[Supplied data]

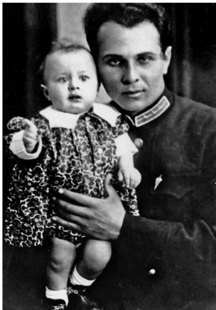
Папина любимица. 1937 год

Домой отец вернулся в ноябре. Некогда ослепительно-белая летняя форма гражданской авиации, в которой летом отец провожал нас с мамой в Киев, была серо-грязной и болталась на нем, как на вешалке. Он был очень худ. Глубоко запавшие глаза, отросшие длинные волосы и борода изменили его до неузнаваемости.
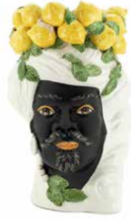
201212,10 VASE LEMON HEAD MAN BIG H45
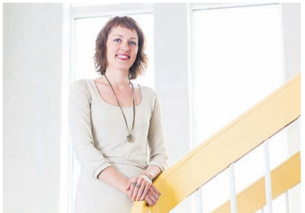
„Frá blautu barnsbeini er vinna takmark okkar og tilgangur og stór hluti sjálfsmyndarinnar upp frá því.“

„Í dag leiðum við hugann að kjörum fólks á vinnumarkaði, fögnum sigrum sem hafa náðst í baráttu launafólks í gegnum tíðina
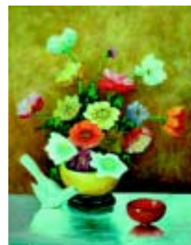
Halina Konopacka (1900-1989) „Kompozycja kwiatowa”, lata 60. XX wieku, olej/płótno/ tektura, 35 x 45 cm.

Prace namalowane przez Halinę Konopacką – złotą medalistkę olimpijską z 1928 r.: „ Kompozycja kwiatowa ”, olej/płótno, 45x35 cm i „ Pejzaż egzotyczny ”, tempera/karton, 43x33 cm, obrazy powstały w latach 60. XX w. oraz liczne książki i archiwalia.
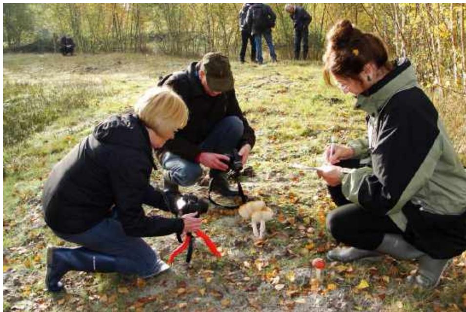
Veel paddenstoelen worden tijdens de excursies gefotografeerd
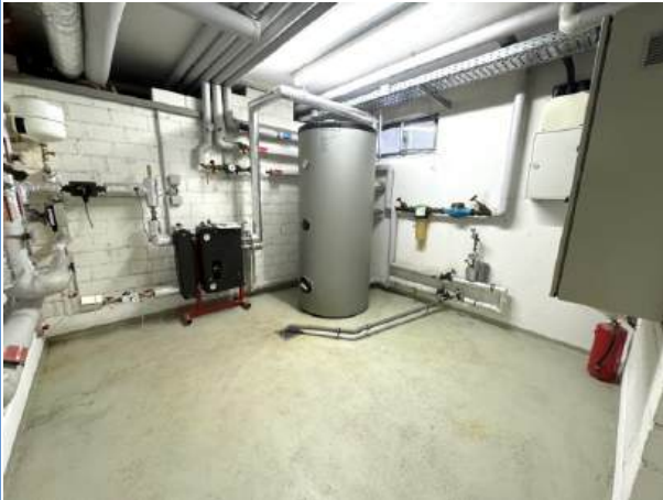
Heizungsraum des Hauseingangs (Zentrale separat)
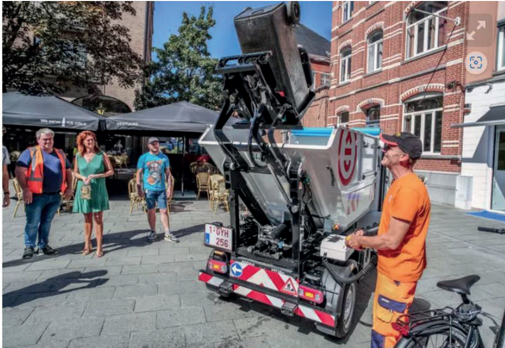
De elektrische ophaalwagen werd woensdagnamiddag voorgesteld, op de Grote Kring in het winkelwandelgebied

[/Supplied data]
[Supplied data]

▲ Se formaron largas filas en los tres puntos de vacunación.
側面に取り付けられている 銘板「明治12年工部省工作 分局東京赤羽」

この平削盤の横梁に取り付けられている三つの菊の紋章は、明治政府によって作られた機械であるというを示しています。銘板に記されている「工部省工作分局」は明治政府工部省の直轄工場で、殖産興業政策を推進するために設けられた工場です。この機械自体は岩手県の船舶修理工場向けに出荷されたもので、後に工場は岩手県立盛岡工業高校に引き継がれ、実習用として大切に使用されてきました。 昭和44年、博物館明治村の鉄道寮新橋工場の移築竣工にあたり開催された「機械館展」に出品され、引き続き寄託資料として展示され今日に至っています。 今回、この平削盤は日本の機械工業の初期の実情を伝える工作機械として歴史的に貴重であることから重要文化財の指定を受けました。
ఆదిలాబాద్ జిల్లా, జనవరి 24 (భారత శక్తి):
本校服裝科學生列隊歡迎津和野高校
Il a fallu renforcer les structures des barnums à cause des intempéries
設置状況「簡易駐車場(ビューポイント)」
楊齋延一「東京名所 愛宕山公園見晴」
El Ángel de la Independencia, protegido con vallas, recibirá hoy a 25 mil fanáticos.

[/Supplied data]
[Supplied data]

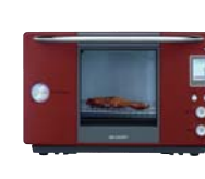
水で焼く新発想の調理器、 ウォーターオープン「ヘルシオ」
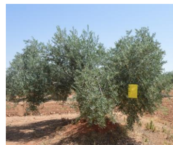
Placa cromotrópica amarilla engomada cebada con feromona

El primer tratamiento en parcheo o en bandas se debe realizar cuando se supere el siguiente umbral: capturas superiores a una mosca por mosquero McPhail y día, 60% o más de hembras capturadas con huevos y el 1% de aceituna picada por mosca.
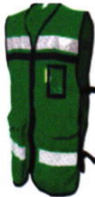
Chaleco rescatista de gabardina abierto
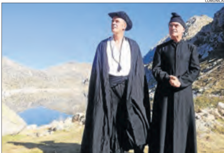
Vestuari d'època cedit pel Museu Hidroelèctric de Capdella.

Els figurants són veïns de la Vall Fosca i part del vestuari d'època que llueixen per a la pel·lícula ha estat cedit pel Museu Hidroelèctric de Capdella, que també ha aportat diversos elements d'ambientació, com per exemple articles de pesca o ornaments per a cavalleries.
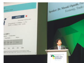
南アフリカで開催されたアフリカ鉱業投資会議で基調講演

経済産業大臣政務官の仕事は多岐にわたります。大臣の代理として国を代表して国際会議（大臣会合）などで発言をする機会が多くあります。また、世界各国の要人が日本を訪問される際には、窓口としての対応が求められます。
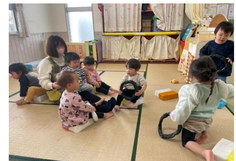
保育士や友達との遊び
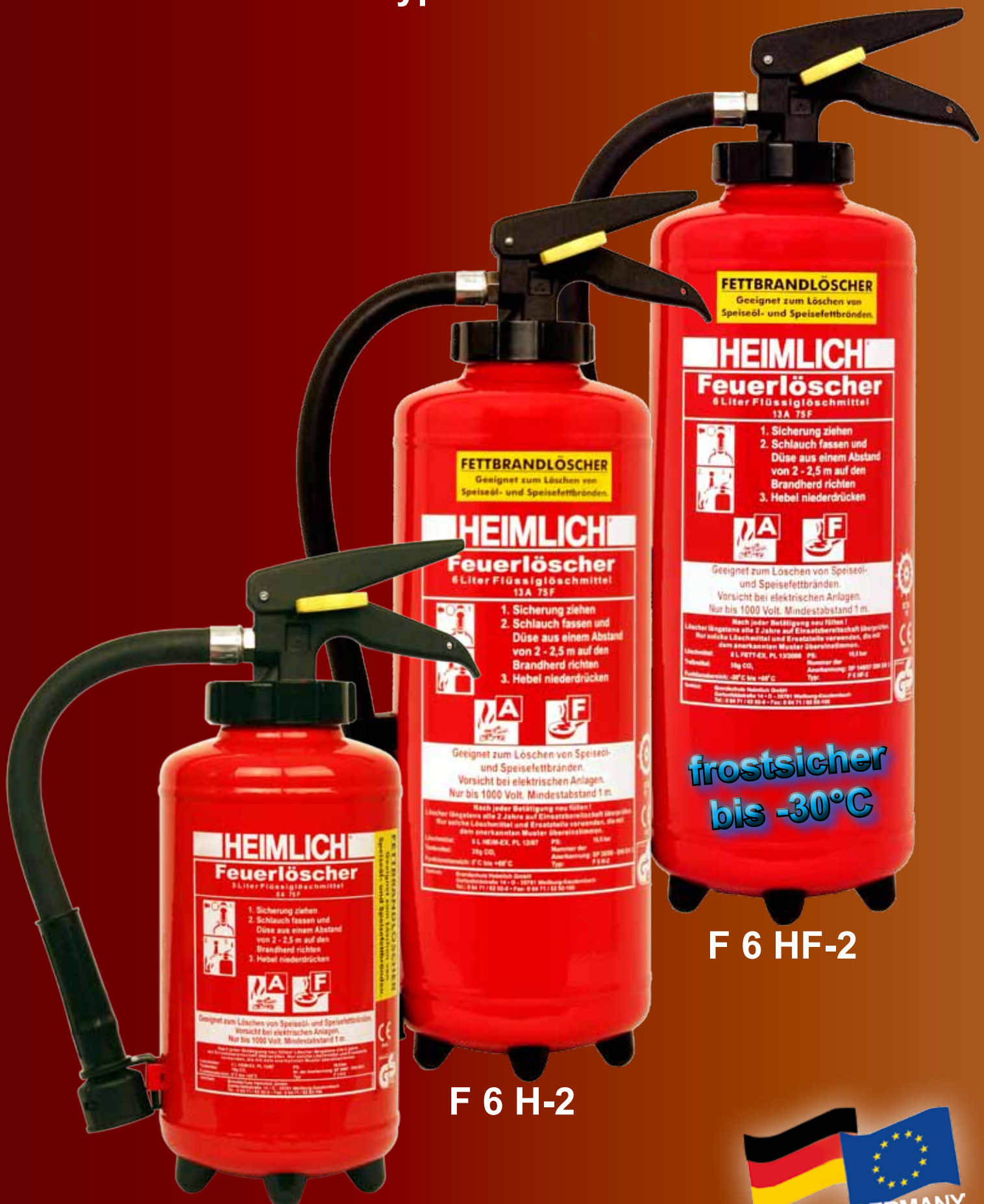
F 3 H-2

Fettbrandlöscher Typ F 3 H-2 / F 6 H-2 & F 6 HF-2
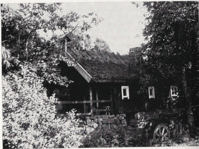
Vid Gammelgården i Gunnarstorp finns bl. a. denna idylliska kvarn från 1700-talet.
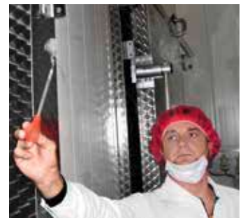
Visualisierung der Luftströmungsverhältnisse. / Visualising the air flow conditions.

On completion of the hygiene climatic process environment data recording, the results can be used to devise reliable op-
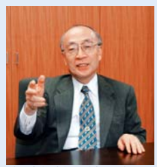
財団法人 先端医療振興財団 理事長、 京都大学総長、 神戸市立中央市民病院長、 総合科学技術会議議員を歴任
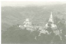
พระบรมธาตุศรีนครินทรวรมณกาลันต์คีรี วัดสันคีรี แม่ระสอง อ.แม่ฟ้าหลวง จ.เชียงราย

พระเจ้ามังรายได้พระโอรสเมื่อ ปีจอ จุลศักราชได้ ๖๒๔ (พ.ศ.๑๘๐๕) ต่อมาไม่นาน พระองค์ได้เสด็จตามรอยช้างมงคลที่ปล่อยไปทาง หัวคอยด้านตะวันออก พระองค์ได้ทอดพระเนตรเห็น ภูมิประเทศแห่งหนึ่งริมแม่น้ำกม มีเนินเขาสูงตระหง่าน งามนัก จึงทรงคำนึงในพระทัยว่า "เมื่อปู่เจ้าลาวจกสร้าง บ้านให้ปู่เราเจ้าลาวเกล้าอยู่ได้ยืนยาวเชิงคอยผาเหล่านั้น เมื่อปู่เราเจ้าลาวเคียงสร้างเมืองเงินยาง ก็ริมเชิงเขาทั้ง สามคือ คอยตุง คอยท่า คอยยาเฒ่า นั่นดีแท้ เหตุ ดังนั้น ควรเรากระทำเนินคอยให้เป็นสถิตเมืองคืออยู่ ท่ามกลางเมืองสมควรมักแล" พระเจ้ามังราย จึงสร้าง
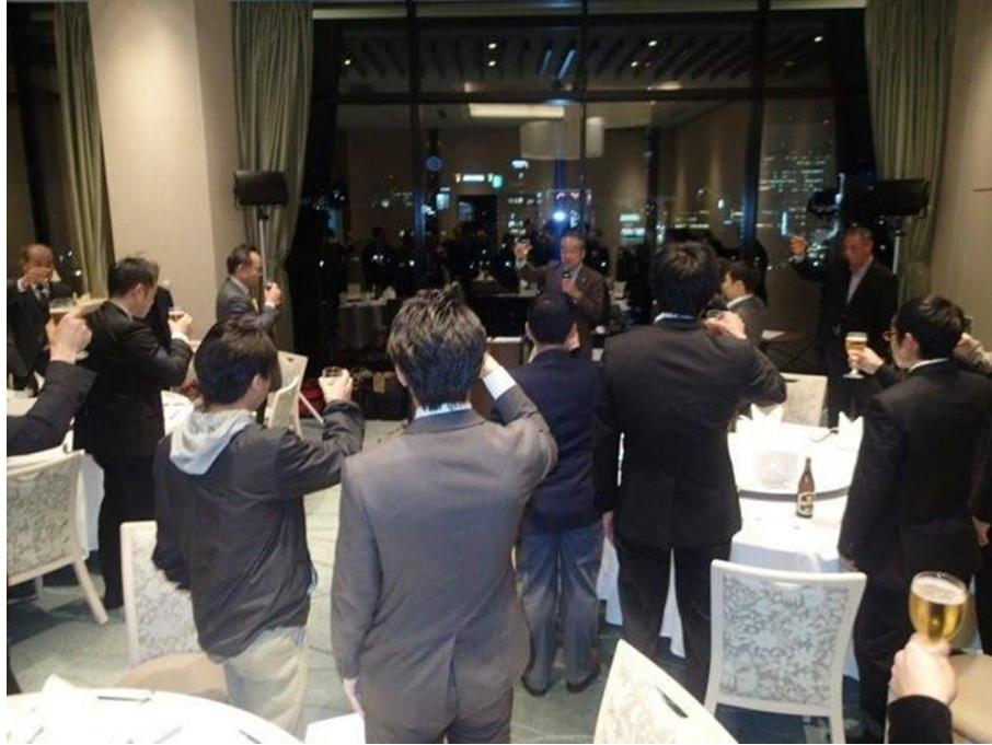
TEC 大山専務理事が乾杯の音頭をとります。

[/Supplied data]

=== Your objective ===
The answer should consist only of the lines above from the one with "Папина любимица. 1937 год" through the one with "De elektrische ophaalwagen", repeated exactly, with no pictures among them.

=== Answer ===
Папина любимица. 1937 год

Домой отец вернулся в ноябре. Некогда ослепительно-белая летняя форма гражданской авиации, в которой летом отец провожал нас с мамой в Киев, была серо-грязной и болталась на нем, как на вешалке. Он был очень худ. Глубоко запавшие глаза, отросшие длинные волосы и борода изменили его до неузнаваемости.
201212,10 VASE LEMON HEAD MAN BIG H45
„Frá blautu barnsbeini er vinna takmark okkar og tilgangur og stór hluti sjálfsmyndarinnar upp frá því.“

„Í dag leiðum við hugann að kjörum fólks á vinnumarkaði, fögnum sigrum sem hafa náðst í baráttu launafólks í gegnum tíðina
Halina Konopacka (1900-1989) „Kompozycja kwiatowa”, lata 60. XX wieku, olej/płótno/ tektura, 35 x 45 cm.

Prace namalowane przez Halinę Konopacką – złotą medalistkę olimpijską z 1928 r.: „ Kompozycja kwiatowa ”, olej/płótno, 45x35 cm i „ Pejzaż egzotyczny ”, tempera/karton, 43x33 cm, obrazy powstały w latach 60. XX w. oraz liczne książki i archiwalia.
Veel paddenstoelen worden tijdens de excursies gefotografeerd
Heizungsraum des Hauseingangs (Zentrale separat)
De elektrische ophaalwagen werd woensdagnamiddag voorgesteld, op de Grote Kring in het winkelwandelgebied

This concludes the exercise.